Marc Andres Carcasona
Marc earned his PhD in Physics from the Autonomous University of Barcelona (UAB) and the Institut de Física d’Altes Energies (IFAE) in 2025, conducting research stays at MIT, Caltech, and the European Gravitational Observatory (EGO). He also holds a BSc in Aerospace Engineering (UPC), a BSc in Economics (UOC), an MSc in High Energy Physics, Astrophysics & Cosmology (UAB), and a MSc in Financial Risk Management (UNIR).

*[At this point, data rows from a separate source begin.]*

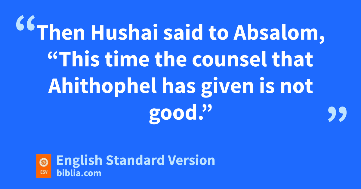 5 Then Absalom said, “Call sHushai the Archite also, and let us hear what he has to say.” 6 And when Hushai came to Absalom, Absalom said to him, “Thus has Ahithophel spoken; shall we do as he says? If not, you speak.” 7 Then Hushai said to Absalom, “This time the counsel that Ahithophel has given is not good.” 8 Hushai said, “You know that your father and his men are mighty men, and that they are enraged,2 tlike a bear robbed of her cubs in the field. Besides, your father is expert in war; he will not spend the night with the people. 9 Behold, even now he has hidden himself in one of the pits or in some other place. And as soon as some of the people fall3 at the first attack, whoever hears it will say, ‘There has been a slaughter among the people who follow Absalom.’ 10 Then even the valiant man, whose heart is like the heart of a lion, will utterly umelt with fear, for all Israel knows that your father is a mighty man, and that those who are with him are valiant men. 11 But my counsel is that all Israel be gathered to you, vfrom Dan to Beersheba, was the sand by the sea for multitude, and that you go to battle in person. 12 So we shall come upon him in some place where he is to be found, and we shall light upon him as the dew falls on the ground, and of him and all the men with him not one will be left. 13 If he withdraws into a city, then all Israel will bring ropes to that city, and we shall drag it into the valley, until not even a pebble is to be found there.” 14 And Absalom and all the men of Israel said, “The counsel of Hushai the Archite is better than the counsel of Ahithophel.” xFor the Lord had ordained4 to defeat the good counsel of Ahithophel, so that the Lord might bring harm upon Absalom.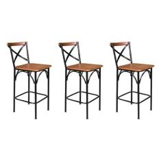 Kit 3 Banquetas Alta Industrial Paris Base Alum nio Com Encos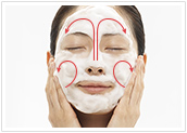 泡のクッションを肌の上で転がすようなイメージで顔全体を包みます。できるだけ手が肌に直接ふれないように心がけ、うぶ毛を起こすように、下から上に向かってやさしく洗います。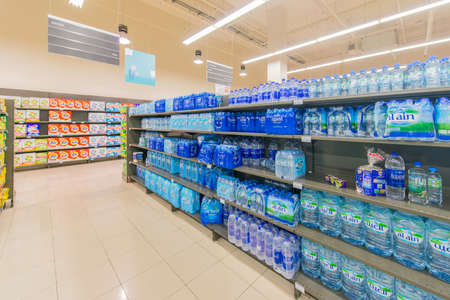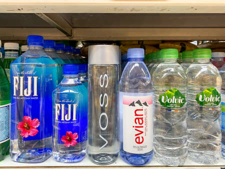 CHIANG RAI, THAILAND - NOVEMBER 21 : various brand of fresh water sold on supermarket display shelf on November 21, 2019 in Chiang Rai, Thailand.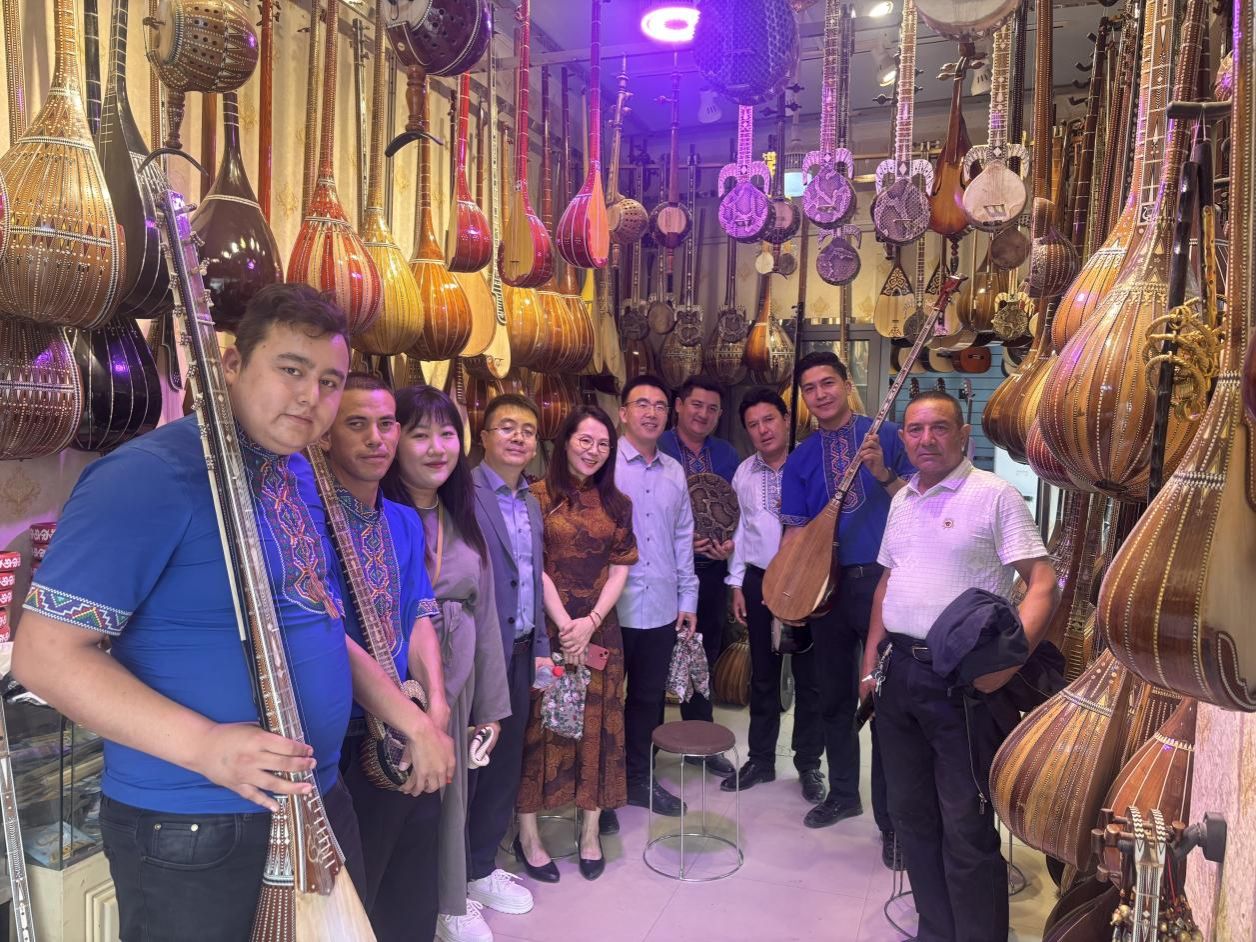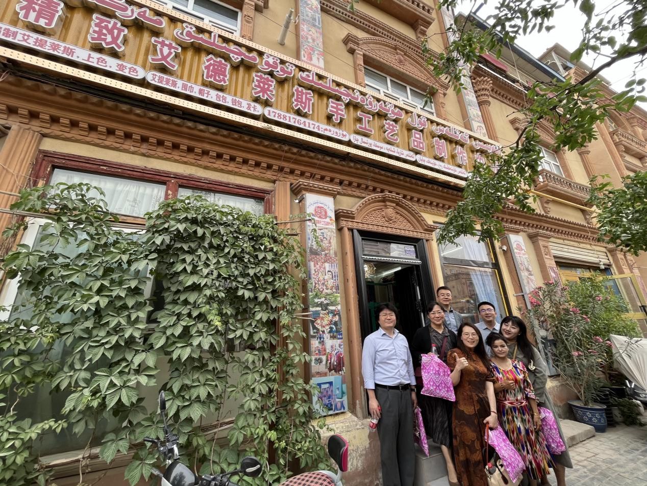 随后yl6809永利调研团考察了莎车县重要文化产业及非物质文化遗产项目,包括艾德莱斯绸、十二木卡姆、传统乐制作技艺、铜器锻造等,深入了解千年丝路文化,为后续非遗创新、写生研学、美育基地等合作提供了重要基础。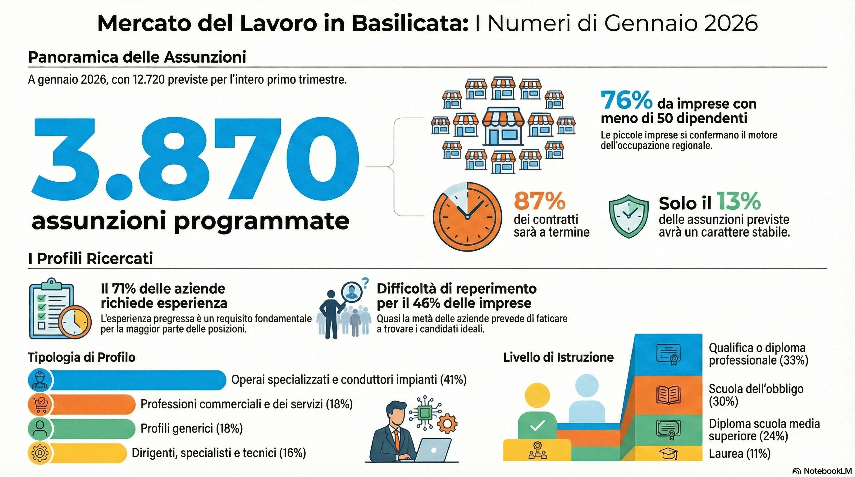 Secondo le ultime rilevazioni del Sistema Informativo Excelsior, realizzato da Unioncamere in accordo con il Ministero del Lavoro e delle Politiche Sociali, le prospettive occupazionali per la Basilicata all’inizio del 2026 mostrano un dinamismo focalizzato su settori specifici, seppur con persistenti sfide nel reperimento dei profili. Per il mese di gennaio 2026, le imprese lucane hanno programmato circa 3.870 entrate e, allargando l’orizzonte al primo trimestre dell’anno (gennaio - marzo 2026), il volume complessivo delle assunzioni previste sale a 12.720 unità.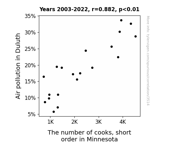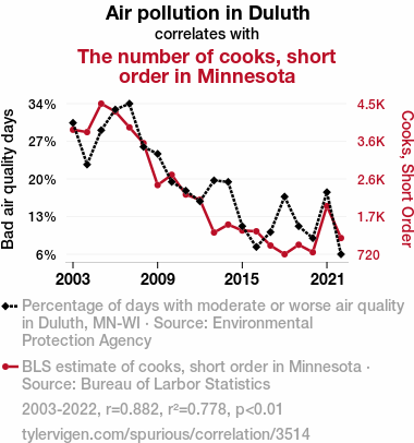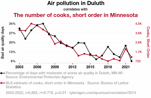This means 77.8% of the change in the one variable (i.e., The number of cooks, short order in Minnesota) is predictable based on the change in the other (i.e., Air pollution in Duluth) over the 20 years from 2003 through 2022.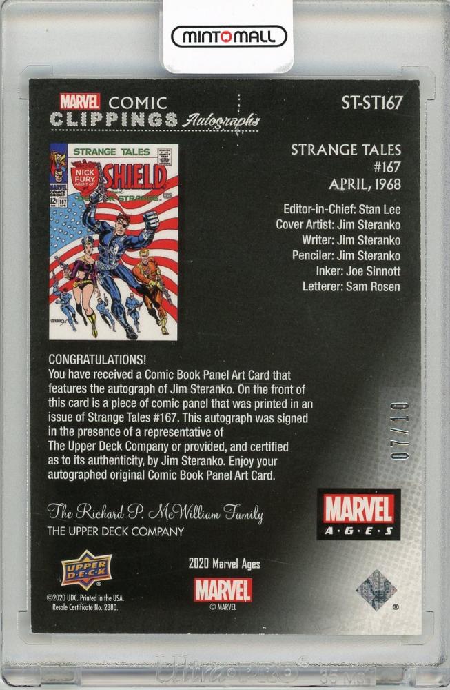 2020 UPPER DECK Marvel Ages Comic Clippings Autographs Jim Steranko - Writer and Penciller, Strange Tales #167 【07/10】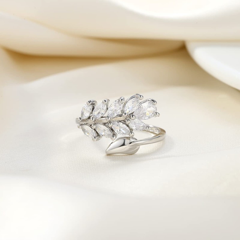 - Leaf thumb rings for women: olive leaf silver rings has an elegant appearance, natural, creative with cubic zirconia enough sparkle, pretty and dainty. Highly polished surface, solid and sparkling.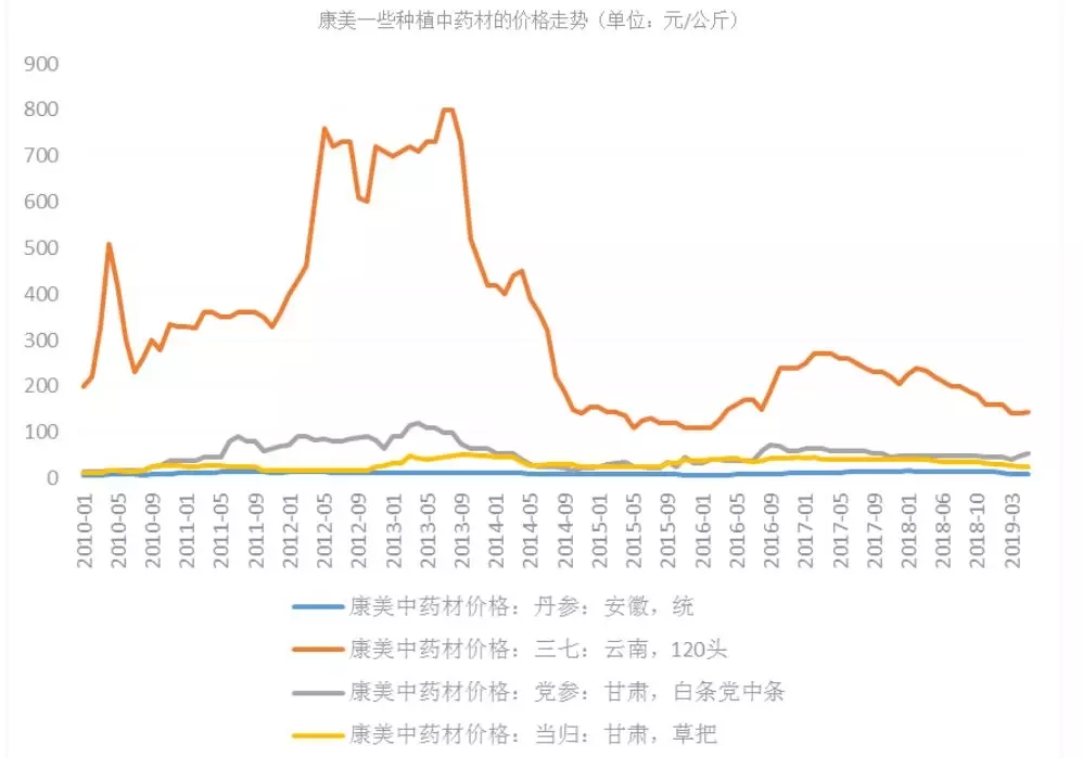 图4 康美一些种植中药材的价格走势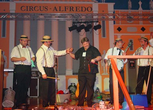 Einer unserer Hauptsponsoren, nicht nur im heurigen Jubiläumsjahr, sondern schon jahrelang und auch Hauptsponsor von unserem Judo-Senioren-Weltmeister Helmut Gföllner, feierte seinen 50. Geburtstag – Alfred Zechmeister. Und wer Alfred kennt weiß, dass er als Partylöwe natürlich diesen Anlass gebührend feiern wollte. Im Sommer war es dann fix und Alfred entschloss sich, seinen 50er in unserem Turnerheim mit ca. 250 geladenen Gästen zu feiern. Die Ballnachtdekoration “Circus Maximus“ war sein Wunsch, den wir ihm erfüllten. Auch der Spielmannszug und unsere Se Oritschinel Goatnzauns sollten natürlich einen Beitrag leisten und so organisierte unser Obmann Gerald Stutz für Alfred dieses Fest. Nur das Buffet und die Band suchte sich Alfred selbst aus. Da auch sonst ein Rahmenprogramm zu bieten war, wurde auch der Heurige und die Kellerbar aktiviert und im Saal stellten wir unsere Pilsbar auf, mit dem zusätzlichen Verkauf von verschiedenen Bargetränken. Nachdem die gesamte Dekoration von unseren drei Pensionisten Siegi Geyer, Hans Gföllner und deren “Chef“ Franz Eisterer in zwei Wochen aufgebaut wurde, hatten wir eigentlich nur mehr am Freitag zuvor die Tische zu stellen und die Bar zu aktivieren. Ab 15.00 Uhr baute am Samstag dann die Technikfirma für die Band “No Limits“., eine der besten und beliebtesten Bands zur Zeit in OÖ, auf und wir waren schon ein wenig geschockt von dem ganzen Equipment. So was hatten wir auch noch nie in unserem Turnerheim.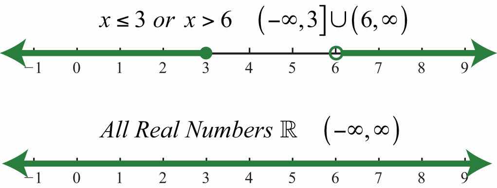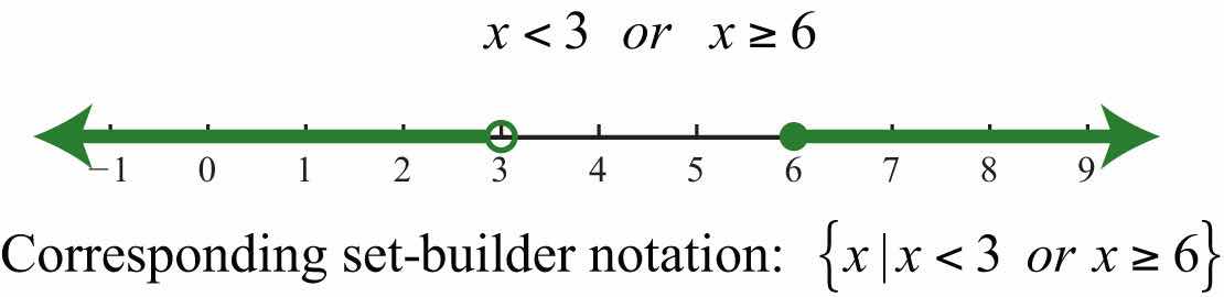 To describe compound inequalities such as , write , which is read “the set of all real numbers x such that x is less than 3 or x is greater than or equal to 6.”

His research focuses on scattered light modeling and mitigation in gravitational-wave detectors, the search for primordial black holes (PBHs), and the application of machine learning (ML) techniques to gravitational-wave detection. During his PhD, Marc played a key role in designing the baffles for the main arms of the Einstein Telescope (ET), and in simulating the instrumented baffles currently being developed for the Virgo experiment. He has also contributed to multiple PBH searches using LIGO-Virgo-KAGRA data, including a Bayesian population analysis of the observed events, the development of a pipeline to search for continuous-wave signals from the early stages of mergers, and a ML pipeline aimed at detecting signals from highly mass-asymmetric systems. At MKI, his primary focus is on scattered light modeling, mitigation strategies, and baffle design for Cosmic Explorer (CE), the next-generation ground-based gravitational-wave observatory in the United States.
In addition to his research, Marc has taught at EADA business school and the Toulouse Business School (TBS) in Barcelona, delivering graduate-level courses in artificial intelligence, data analytics, and quantitative finance, bridging the gap between science and economics.